Our example ./web:/usr/share/nginx/html:ro thus specified that local (host) directory web shall be visible under /usr/share/nginx/html inside the container in read-only mode. It is very similar to normal mounts you already know.

If you specify rw instead of ro, you can modify the host files inside the container.

Volume mounting is useful for any service-style container. A typical example is a database server. You start the container and you give it a mounted volume. To this volume (directory), it will store the actual database (the data files). Thus, when the container terminates, your data are actually persistent as they were stored outside of the container.

This has a huge advantage for testing service updates. You stop the container, make a backup of the data directory and start a new container (with a newer version) on the top of the same data directory. If everything works fine, you are good to go. Otherwise, you can stop the new container, restore from the backup and return to the old version.

Very simple and effective.

Check your understanding

Select all true statements related to containers.
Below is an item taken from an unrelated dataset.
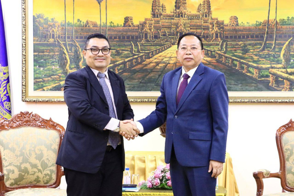 AKP ភ្នំពេញ ថ្ងៃទី២៣ ខែមេសា ឆ្នំា២០២៥-- ឯកឧត្តម ចាយ បូរិន រដ្ឋមន្រ្តីក្រសួងធម្មការ និងសាសនា អនុញ្ញាតឱ្យលោក ហ្សាណេស អ៊ីម៉ានូអែល ជីនធីង (Janes Imanuel Ginting) នាយកអង្គការទស្សនៈពិភពលោកអន្តរជាតិប្រចាំប្រទេសកម្ពុជា ដឹកនាំគណៈប្រតិភូ ចូលជួបសម្តែងការគួរសម និងពិភាក្សាការងារ នាព្រឹកថ្ងៃទី២៣ ខែមេសា ឆ្នាំ២០២៥ នៅទីស្តីការក្រសួង។

You need to have enabled JavaScript for the quiz to work.

Exercise

Install the fscat command system-wide inside a container.

We recommend to use python:3.12-alpine.

Note that you will not need to set up any virtual environment in this case: the whole machine (container) is yours. You can install things system-wide.

Hint.

Solution.

Why we have all the `systemctl`, `dnf`, `podman`, `pip`, …

At this moment there might be certain confusion why there are so many concepts around that are basically dealing with the same issues.

We have package managers to install software (dnf install). But some software we can install also through language-specific managers (pip install).
Web server can be started via systemctl start or via creating a container.
We have virtual environments for software development but we have also containers and full-fledged virtual machines.
…

The truth is that some concepts and tools are consequences of historical development while others tackle some of the issues from different angles.

Feel free to return to this text at some later stage, e.g., after digesting the topic of containers a bit.

We will try to briefly explain why knowing about them all makes sense. Please, prefix each sentence with most of, usually or other similar adjective if you think that our generalization is too wide :-).

First of all it is important to distinguish needs of an end user (who can be even a webserver admin) from needs of a developer.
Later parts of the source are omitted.